Then, I tried DatastoreToPubsub template and GSCTextToDatastore template, and these were successful.

https://github.com/GoogleCloudPlatform/DataflowTemplates/blob/master/src/main/java/com/google/cloud/teleport/templates/DatastoreToPubsub.java

https://github.com/GoogleCloudPlatform/DataflowTemplates/blob/master/src/main/java/com/google/cloud/teleport/templates/TextToDatastore.java

So, I can't understand what is problem. Where is wrong?

Please give me some advices...
Regards.

回答1:

Looks like you found a bug in that particular DataflowTemplate whereby the pipeline is not configuring an error path even though a path is required when writing JSON entities. The fix is relatively simple and should be pushed to master shortly. In the meantime, you can get the pipeline working with two changes to the PubsubToDatastore pipeline code.

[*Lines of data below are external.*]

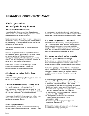Custody to Third Party Order SÂuz¾ba Opiekun;cza Nakaz Opieki Strony Trzeciej Informacje dla mÂodych ludzi Se•dzia Sa•du Dla Nieletnich umie—ci Cie• pod opieka• strony trzeciej poniewaz¾ Twoje bezpieczen;stwo i dobro jest zagroz¾one i potrzebujesz ochrony. Zgodnie z nakazem opieki strony trzeciej - osoba trzecia (na przykÂad krewny lub bliski przyjaciel rodziny) be•dzie odpowiedzialna za podejmowanie codziennych decyzji zwia•zanych z Twoja• opieka•. Twoi rodzice w dalszym cia•gu sa• Twoimi prawnymi opiekunami. Wydzia UsÂug SpoÂecznych nie be•dzie bra udziaÂu w nadzorowaniu nakazu, lecz Ty wraz z osobami, kto;rym przyznano opieke• nad Toba• powiniene—¦nna— rozwia•zywac; problemy, kto;re byÂy przyczyna• wydania nakazu, tak, aby— mogÂa¦mo;g bezpiecznie powro;cic; do domu zanim skon;czy sie• termin nakazu. Nakaz moz¾e zawierac; warunki dotycza•ce Twoich kontakto;w z rodzicami. Moz¾esz ro;wniez¾ byc; poproszona¦ny o korzystanie z poradnictwa. Jak dÂugo trwa Nakaz Opieki Strony Trzeciej= Nakaz opieki strony trzeciej wydawany jest na okres nie dÂuz¾szy niz¾ 12 miesie•cy. Czy Nakaz Opieki Strony Trzeciej moz¾e byc; uniewaz¾niony lub zmieniony= Je—li sytuacja sie• zmieni i nic Ci juz¾ nie grozi, Ty, Twoi rodzice lub osoba, z kto;ra• mieszkasz moz¾ecie zwro;cic; sie• do Sa•du Dla Nieletnich o uniewaz¾nienie nakazu. Podanie o zmiane• jakichkolwiek warunko;w nakazu moz¾e zÂoz¾yc; kto;rakolwiek z wymienionych oso;b. Se•dzia podejmuje ostateczna• decyzje•. Gdzie beÅdeÅ mieszkac;= Opieka nad Toba• zostaÂa powierzona stronie trzeciej i prawdopodobnie be•dziesz mieszkac; z ta• osoba•. Osoba Polish ta be•dzie uprawniona do decydowania gdzie be•dziesz mieszkac; w czasie trwania nakazu. Moz¾e ona pozwolic; Ci zamieszkac; z rodzicami przed upÂywem waz¾no—ci nakazu. Czy mogeÅ sieÅ spotykac; z rodzicami= Intencja• Nakazu Opieki Strony Trzeciej jest poÂa•czenie Cie• z Twymi rodzicami przed upÂywem terminu nakazu. Bardzo waz¾ne jest wie•c utrzymywanie przez Ciebie staÂego kontaktu z rodzicami gdy nie mieszkasz z nimi, po to, aby utrzymac; —cisÂe wie•zi pomocne rodzicom w staraniach aby— mo;g¦mogÂa wro;cic; do domu. Czy moz¾na sieÅ odwoÂywac; od wydania Nakazu Opieki Strony Trzeciej= Je—li uwaz¾asz, z¾e wydanie nakazu byÂo niesprawiedliwe, masz prawo apelacji przeciw nakazowi opieki strony trzeciej do sa•du wyz¾szej instancji zwanego County Court. Formularze apelacyjne moz¾na otrzymac; w najbliz¾szym Sa•dzie Dla Nieletnich, w sa•dzie okre•gowym (magistrate&s court) lub w sa•dzie wyz¾szym. W wypadku apelacji w sa•dzie wyz¾szym najlepiej skorzystac; z pomocy prawnika. Gdzie mogeÅ uzyskac; poradeÅ prawnaÅ= Informacje na temat pomocy prawnej moz¾na otrzymac;> • U prawnika, kto;ry reprezentowa Cie• w sa•dzie. • U miejscowego prawnika (spis prawniko;w pod hasÂem Solicitors w ksia•z¾ce telefonicznej Yellow Pages). • W wiktorian;skiej organizacji pomocy prawnej (Victorian Legal Aid) w Melbourne - tel. (03) 9269 0234. • W wiktorian;skim instytucie prawa (Law Institute of Victoria) - tel. (03) 9607 9311. • W aborygen;skiej spo;Âdzielni usÂug prawnych (The Aboriginal Legal Services Co-op) tel. (03) 9419 3888. • W miejscowej spoÂecznej organizacji prawnej (community legal service). O bliz¾sze informacje moz¾na poprosic; w regionalnym biurze WydziaÂu UsÂug SpoÂecznych.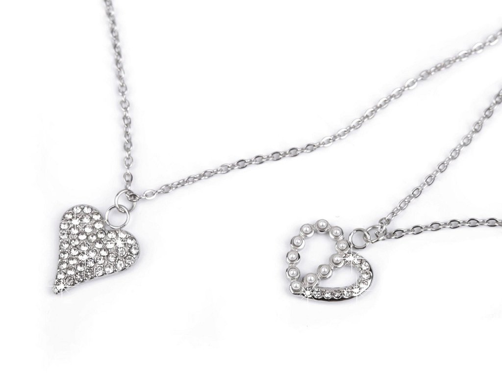 Náhrdelník z nerezové oceli s broušenými kamínky srdce
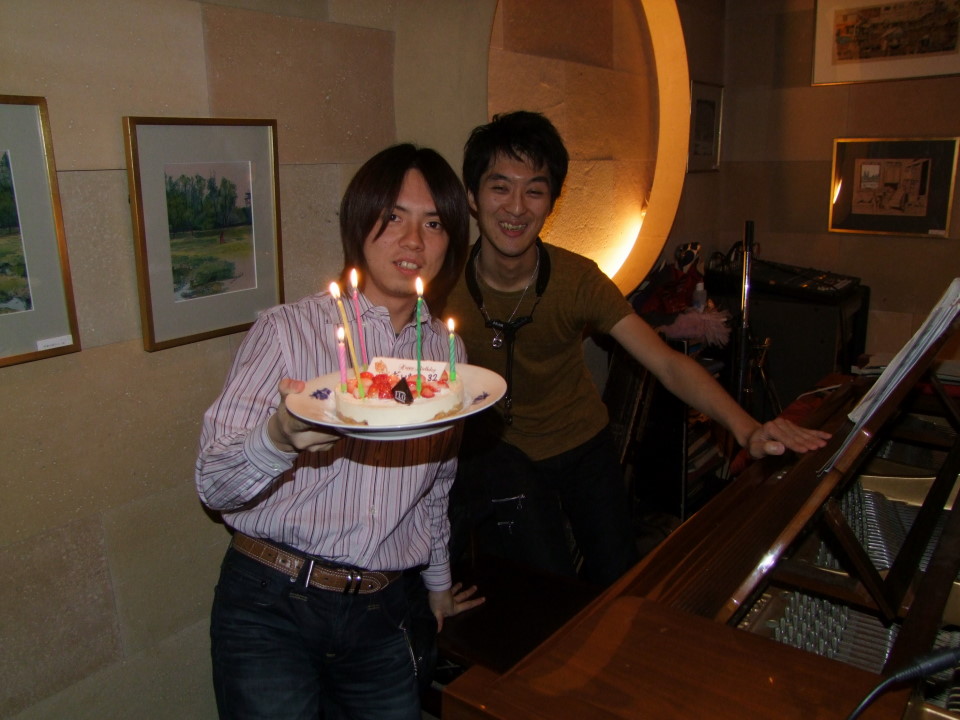 振り返ってみると、自分達のオリジナル曲(新曲も)あり、カバー曲あり、スタンダード曲もあり、そして自分の為にバースデーの曲を郷原君がサプライズで(若干やりそうな気配が漂ってましたけど…笑)ピアノで弾いてくれたりする瞬間までありと、本当にバラエティに富んだ音楽で溢れた1日だったと思います…。バースデー・ケーキも戴きつつ、アットホームで温かった、そんな印象のライブになりました。どうも皆さんありがとうございました!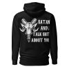 Hoodie i unisex-modell tillverkad i en extra fin kvalitet i blandad bomull och polyester. På baksidan återfinns ett stort alternativt tryck med ett bockhuvud och texten ’Satan and I talk shit about you’ som dekoration. Hoodien håller värmen riktigt bra och har ett otroligt mjukt tyg. Passar alla oss som älskar den alternativa stilen.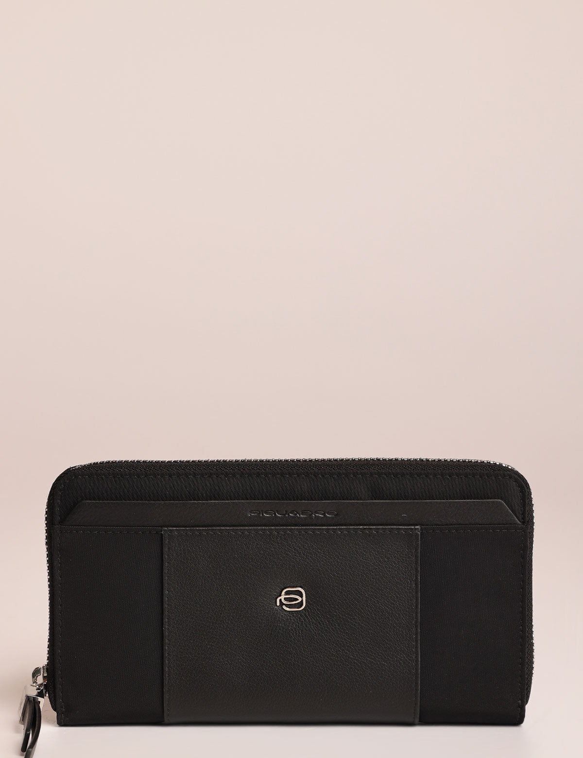 Portafogli da donna Piquadro realizzato in tessuto tecnico e pelle con chiusura zip su tre lati e apertura a soffietto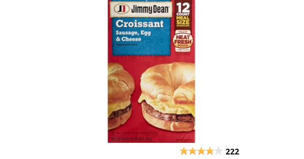Amazon.com: Frozen: Grocery & Gourmet Food: Ice Cream Jimmy Dean® Butcher Wrapped Sausage, Egg & Cheese Croissant, 4.9 oz (12 count) 4.9 Ounce (Pack of 12) 4.0 out of 5 stars 110. ... 5% coupon applied at checkout Save 5% with coupon. $12.21 delivery Nov 30 - Dec 5 . Or fastest delivery Tue, Nov 29 . Climate Pledge Friendly. Small Business.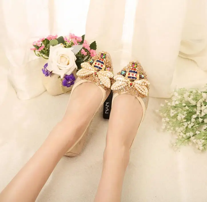 Обувь на плоской подошве с изображением маленькой пчелы, как показано ниже:

First modify the code so the PubsubToDatastoreOptions extends the ErrorWriteOptions interface. Your new options declaration should look something similar to the following:

interface PubsubToDatastoreOptions
  extends
  PipelineOptions,
  PubsubReadOptions,
  JavascriptTextTransformerOptions,
  DatastoreWriteOptions,
  ErrorWriteOptions {}

Then modify the code within the main method so that the pipeline configures an error TupleTag and routes any error messages to the LogErrors transform. This will ensure any data which fails to be output to Datastore is captured and stored on GCS. Your new main method should look something similar to the following:

TupleTag<String> errorTag = new TupleTag<String>(){};

Pipeline pipeline = Pipeline.create(options);

pipeline
    .apply(PubsubIO.readStrings()
        .fromTopic(options.getPubsubReadTopic()))
    .apply(TransformTextViaJavascript.newBuilder()
        .setFileSystemPath(options.getJavascriptTextTransformGcsPath())
        .setFunctionName(options.getJavascriptTextTransformFunctionName())
        .build())
    .apply(WriteJsonEntities.newBuilder()
        .setProjectId(options.getDatastoreWriteProjectId())
        .setErrorTag(errorTag)
        .build())
    .apply(LogErrors.newBuilder()
        .setErrorWritePath(options.getErrorWritePath())
        .setErrorTag(errorTag)
        .build());